Calculator Input
Example Data Table
| Substrate [S] mM | Velocity v µmol/min | Use in input box |
|---|---|---|
| 0.20 | 0.36 | 0.20,0.36 |
| 0.30 | 0.47 | 0.30,0.47 |
| 0.50 | 0.63 | 0.50,0.63 |
| 0.80 | 0.77 | 0.80,0.77 |
| 1.20 | 0.87 | 1.20,0.87 |
| 1.80 | 0.96 | 1.80,0.96 |
Formula Used
Lineweaver Burk equation: 1 / v = (Km / Vmax)(1 / [S]) + 1 / Vmax
Slope: m = Km / Vmax
Regression slope: m = Σ((x - x̄)(y - ȳ)) / Σ((x - x̄)²)
Intercept: b = ȳ - m x̄
Estimated Vmax: Vmax = 1 / b
Estimated Km: Km = m × Vmax
Fit quality: R² = 1 - SSE / SST
How to Use This Calculator
- Enter substrate concentration and initial velocity pairs.
- Keep one pair on each line in the form
[S], v. - Select your preferred decimal precision.
- Press the calculate button.
- Review the slope, intercepts, Km, Vmax, R squared, and graph.
- Use CSV or PDF buttons to save your report.
Article: Understanding Lineweaver Burk Slope
Understanding the Lineweaver Burk Slope
A Lineweaver Burk plot is a double reciprocal view of Michaelis Menten data. It places 1 divided by substrate concentration on the horizontal axis. It places 1 divided by reaction velocity on the vertical axis. The straight line slope equals Km divided by Vmax. This makes the slope useful when you want a fast view of enzyme affinity and catalytic capacity.
Why the Slope Matters
A steeper slope often means a larger Km, a smaller Vmax, or both. In practical terms, it can suggest weaker apparent substrate affinity or reduced maximum rate. A flatter slope can suggest stronger apparent affinity, higher maximum rate, or both. The result should still be checked against raw data because reciprocal plots magnify errors at low substrate levels.
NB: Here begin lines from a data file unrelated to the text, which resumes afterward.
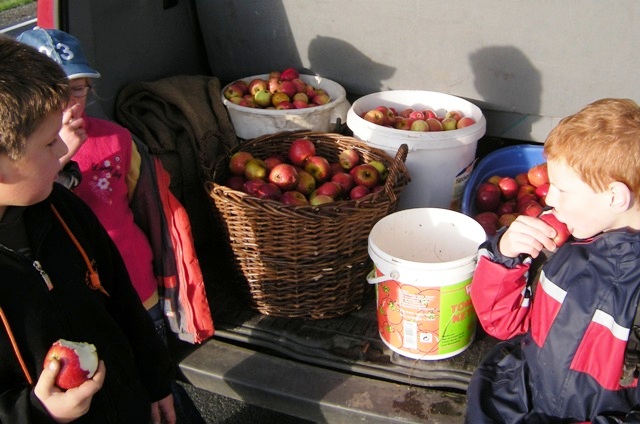 Wie der Apfelsaft in die Flasche kommt, das erfuhren die Kinder der Freien Schule Bredelem am letzten Schultag vor den Herbstferien. Fleißig pflückten sie bei schönstem Sonnenschein Äpfel und innerhalb von nur zwei Stunden kamen so ca. vier Zentner der runden Früchte zusammen.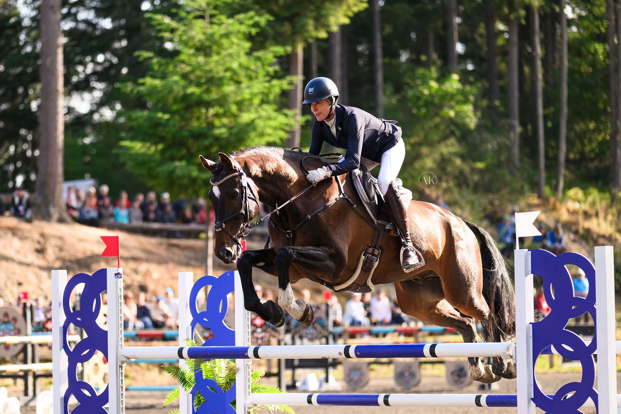 Yelm, Wash.—June 15— In the golden hour of a sunny evening at Aspen Farms Horse Trials, Tommy Greengard and Joshuay MBF delivered a flawless show jumping round to maintain their overnight lead in the CCI4*-S, this year a qualifier for the new US Equestrian Open of Eventing Series.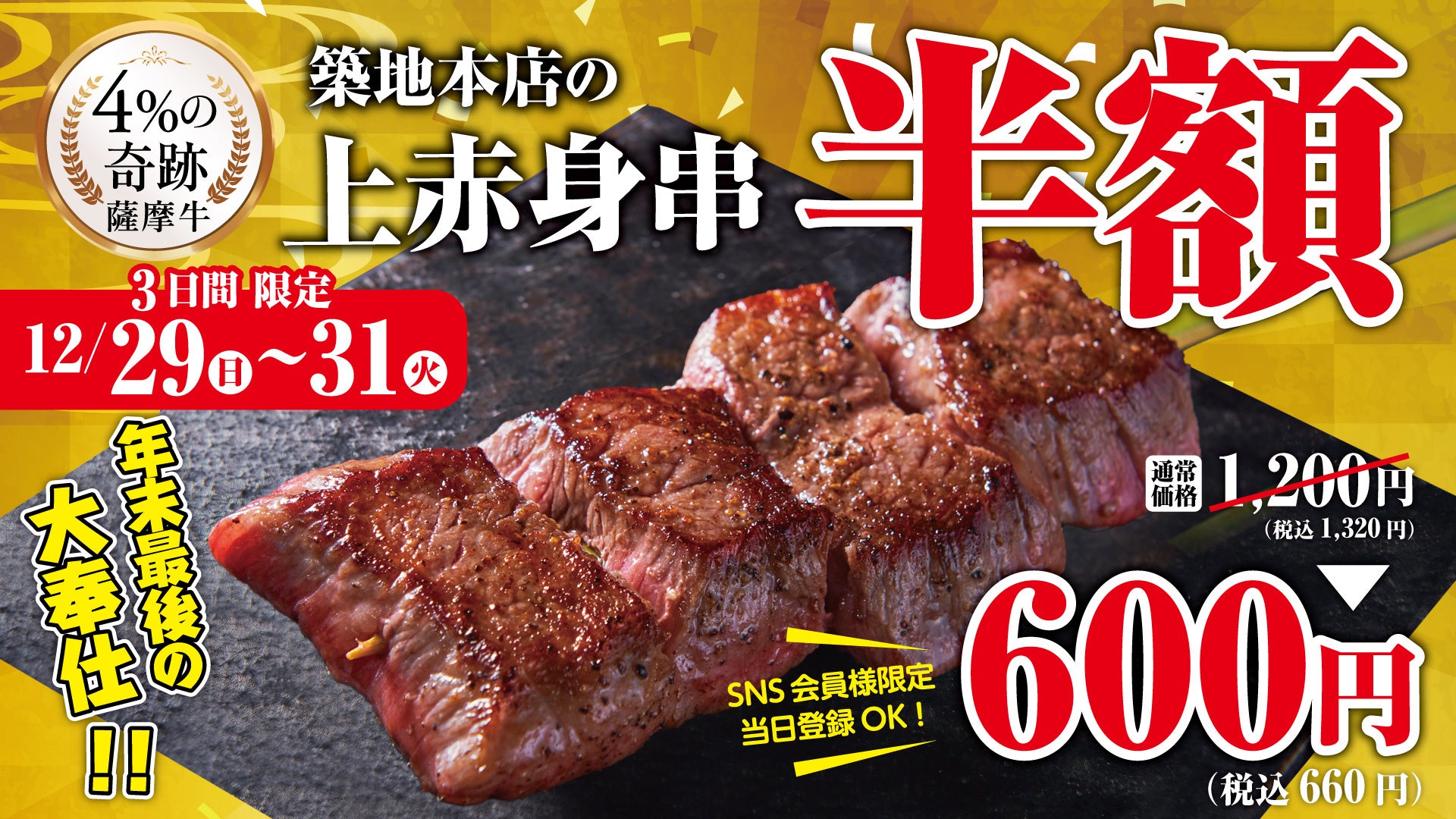 12月29日(日)~12月31日(火)3日間限定、最高級A5ランク和牛”薩摩牛4%の奇跡”を使用した「築地本店の上赤身串」通常価格1本1,200円(税込1,320円)を600円(税込660円)でご提供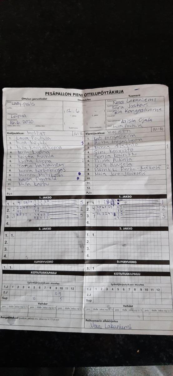 | 16.6.2020 19:00 | Tinttaliisat Musta | Tinttaliisat Violetti | 12-6 | näytä | |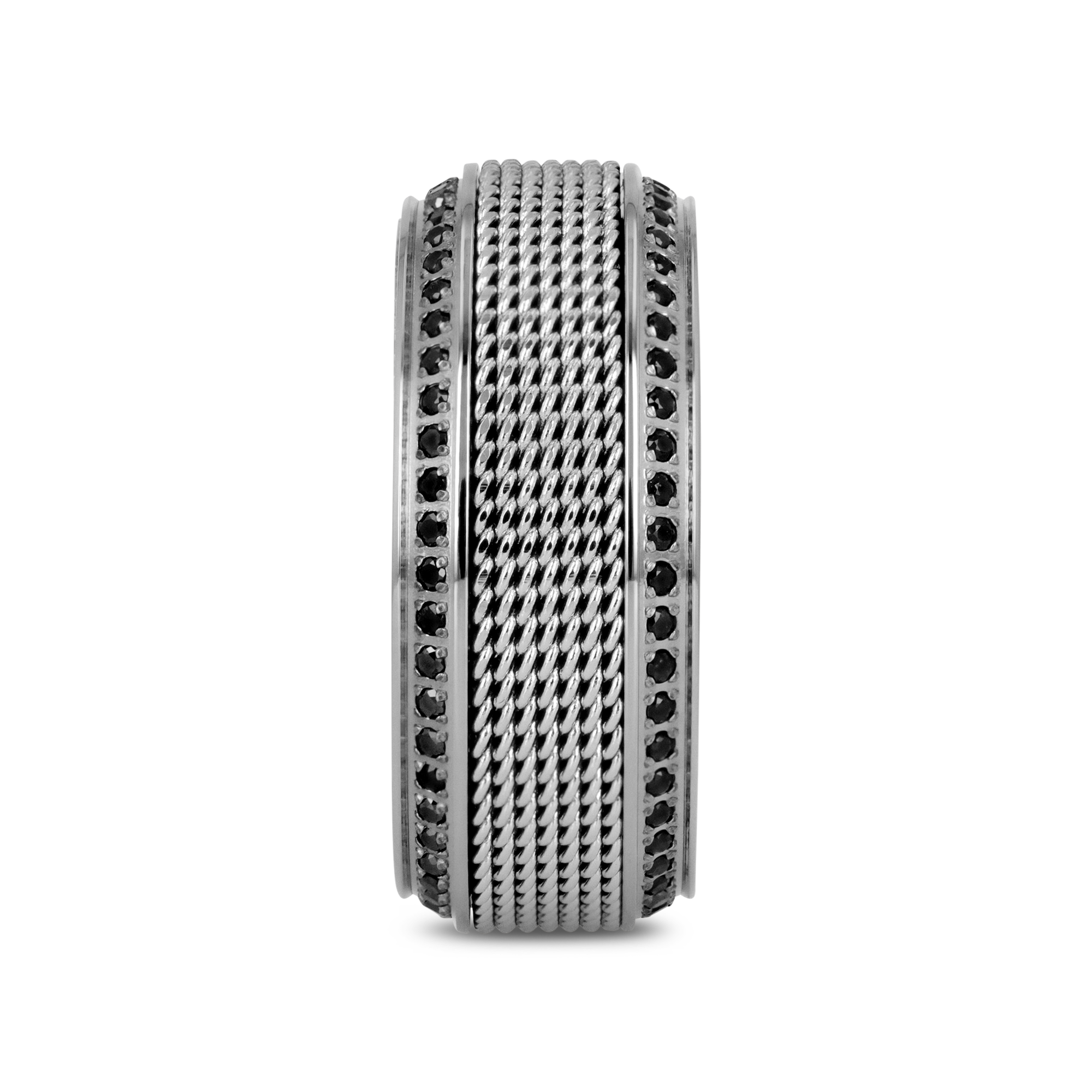 GAUNTLET Steel Chain Titanium Wedding Ring Polished Beveled Edges Set with Round Black Diamonds - 10mm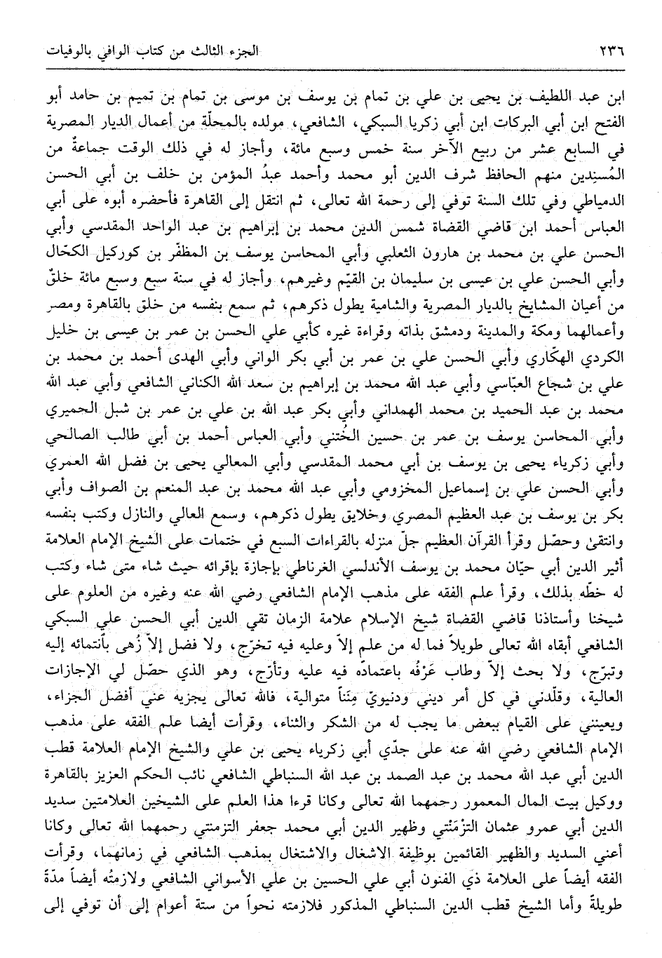 أبي حَيَّان مُحَمَّد بن يُوسُف الأندلسي الغرناطي باجازة باقريه حَيْثُ شَاءَ مَتى شَاءَ وَكتب لَهُ خطه بذلك وَقَرَأَ علم الْفِقْه على مَذْهَب الإِمَام الشَّافِعِي رَضِي الله عَنهُ وَغَيره من الْعُلُوم على شَيخنَا وأستاذنا قَاضِي الْقُضَاة شيخ الْإِسْلَام عَلامَة الزَّمَان تَقِيّ الدّين أبي الْحسن عَليّ السُّبْكِيّ الشَّافِعِي أبقاه الله تَعَالَى طَويلا فَمَا لَهُ من علم إِلَّا وَعَلِيهِ فِيهِ تخرج وَلَا فضل إِلَّا زهى بانتمايه إِلَيْهِ وتبرج وَلَا بحث إِلَّا وطاب عرفه باعتماده فِيهِ عَلَيْهِ وتأرج وَهُوَ الَّذِي حصل لي الإجازات الْعَالِيَة وقلدني فِي كل أَمر ديني ودنيوي منناً مُتَوَالِيَة فَالله تَعَالَى يجْزِيه عني أفضل الْجَزَاء ويعينني على الْقيام بِبَعْض مَا يجب لَهُ من الشُّكْر وَالثنَاء وقرأت أَيْضا علم الْفِقْه على مَذْهَب الإِمَام الشَّافِعِي رَضِي الله عَنهُ على جدي أبي زَكَرِيَّاء يحيى بن عَليّ وَالشَّيْخ الإِمَام الْعَلامَة قطب الدّين أبي عبد الله مُحَمَّد بن عبد الصَّمد بن عبد الله السنباطي الشَّافِعِي نايب الحكم الْعَزِيز بِالْقَاهِرَةِ ووكيل بَيت المَال الْمَعْمُور رحمهمَا الله تَعَالَى وَكَانَا قرءآ هَذَا الْعلم على الشَّيْخَيْنِ العلامتين سديد الدّين أبي عَمْرو عُثْمَان التزمنتي وظهير الدّين أبي مُحَمَّد جَعْفَر التزمنتي رحمهمَا الله تَعَالَى وَكَانَا أَعنِي السديد والظهير القايمين بوظيفة الاشغال والاشتغال بِمذهب الشَّافِعِي فِي زمانهما وقرأت الْفِقْه أَيْضا على الْعَلامَة ذِي الْفُنُون أبي عَليّ الحجسين بن عَليّ الأسواني الشَّافِعِي ولازمته أَيْضا على الْعَلامَة ذِي الْفُنُون أبي عَليّ الْحُسَيْن بن عَليّ الأسواني الشَّافِعِي ولازمته أَيْضا مُدَّة طَوِيلَة وَأما الشَّيْخ قطب الدّين السنباطي الْمَذْكُور فلازمته نَحوا من سِتَّة أَعْوَام إِلَى أَن توفّي إِلَى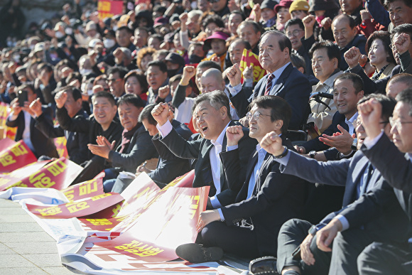 전북 국회의원들이 전원 참석한 이날 궐기대회에서는 "새만금 예산삭감은 전북도민들의 자존심을 짓밟은 것"이라는 정부와 기재부 성토 목소리로 하늘을 뒤덮었다.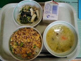 麦ごはん、牛乳、高野豆腐の卵とじ、春雨の酢の物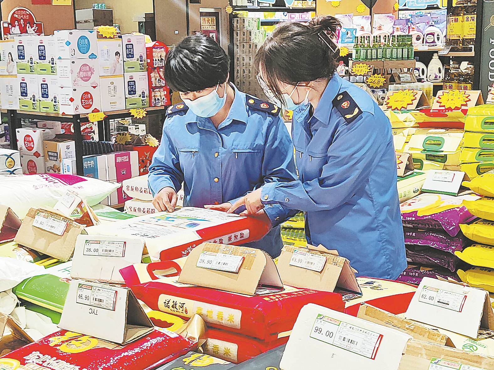 今年以來(lái),商南縣加強(qiáng)行政指導(dǎo)和監(jiān)督檢查,強(qiáng)化商標(biāo)品牌保護(hù),維護(hù)規(guī)范市場(chǎng)秩序。圖為近日縣市場(chǎng)監(jiān)督管理局執(zhí)法人員正在超市檢查袋裝大米商標(biāo)情況。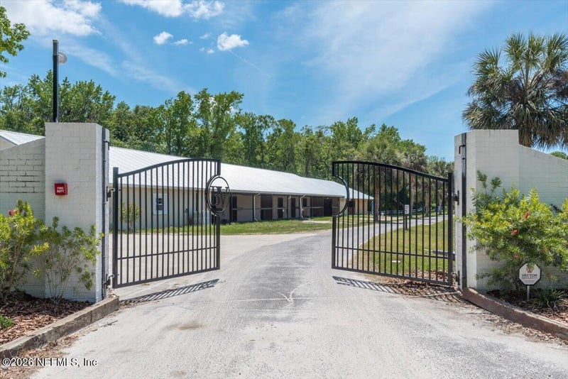Listing details for 2005 Bennett Rd, St Augustine, FL 32092 : Set on over 19 pristine acres, 2005 Bennett Road offers a rare blend of luxury living and premier equestrian amenities in St. Augustine. This fully renovated estate features a 3,286 sq ft brick home with 4 bedrooms, 3.5 baths, cathedral knotty pine ceilings, and rich hardwood floors. Designed for both comfort and function, the property includes a 28-stall barn with new and oversized stalls, fans, and mats, plus 15 lush paddocks, 11 with run-in shelters. A large arena with premium footing and drainage supports optimal training conditions. Five wash stalls, new water systems, updated roofs, and a lightning protection system add peace of mind. Enjoy a private creek, scenic bridge, and expansive grounds offering privacy and income potential, all just minutes from top-rated schools, shopping, and dining.

Using Regression Carefully
This calculator fits a straight line to reciprocal points. It reports slope, y intercept, x intercept, Vmax, Km, R squared, residual error, and confidence ranges. These values help compare trials, inhibitors, mutants, or lab groups. The regression assumes your transformed points follow a linear trend. Very noisy values, zero readings, and unit mistakes can distort the model.
Good Data Practices
Use positive substrate concentrations and positive reaction velocities. Keep units consistent across every row. Enter at least three points, although five or more points are better. Spread substrate levels across low, middle, and high ranges. Avoid using final product concentration as velocity. Use initial reaction rate where possible.
Interpreting the Graph
The graph shows reciprocal points and the fitted line. Points far from the line deserve review. They may reflect pipetting error, timing error, saturation issues, or instrument noise. Residuals help reveal whether the fit is balanced. A high R squared is useful, but it does not prove the biological model is correct.
Best Use Cases
Use this page for teaching, worksheets, quick laboratory checks, and comparison reports. For final research analysis, also inspect the original Michaelis Menten curve. Nonlinear regression on raw data is often preferred for precise parameter estimation. Still, the Lineweaver Burk slope remains a clear and widely recognized diagnostic value. It also helps students connect algebra, graphing, and enzyme behavior in one simple workflow clearly.
FAQs
1. What is the slope of a Lineweaver Burk plot?
The slope is Km divided by Vmax. It comes from plotting 1 divided by velocity against 1 divided by substrate concentration.
2. What data do I need?
You need positive substrate concentrations and positive initial reaction velocities. At least three valid pairs are required for regression.
3. Why are reciprocal values used?
Reciprocal values transform the Michaelis Menten equation into a straight line. This makes slope and intercept estimation easier.
4. Can zero values be entered?
No. Zero or negative values cannot be used because reciprocal concentration and reciprocal velocity would be invalid.
5. How is Vmax estimated?
The y intercept equals 1 divided by Vmax. The calculator estimates Vmax by taking 1 divided by the intercept.
6. How is Km estimated?
After Vmax is estimated, Km is calculated by multiplying the regression slope by Vmax.
7. What does R squared show?
R squared shows how closely the reciprocal points follow the fitted line. Higher values usually indicate a cleaner linear fit.
8. Is this method always best?
It is useful for teaching and quick checks. For precise enzyme studies, compare it with nonlinear fitting of raw velocity data.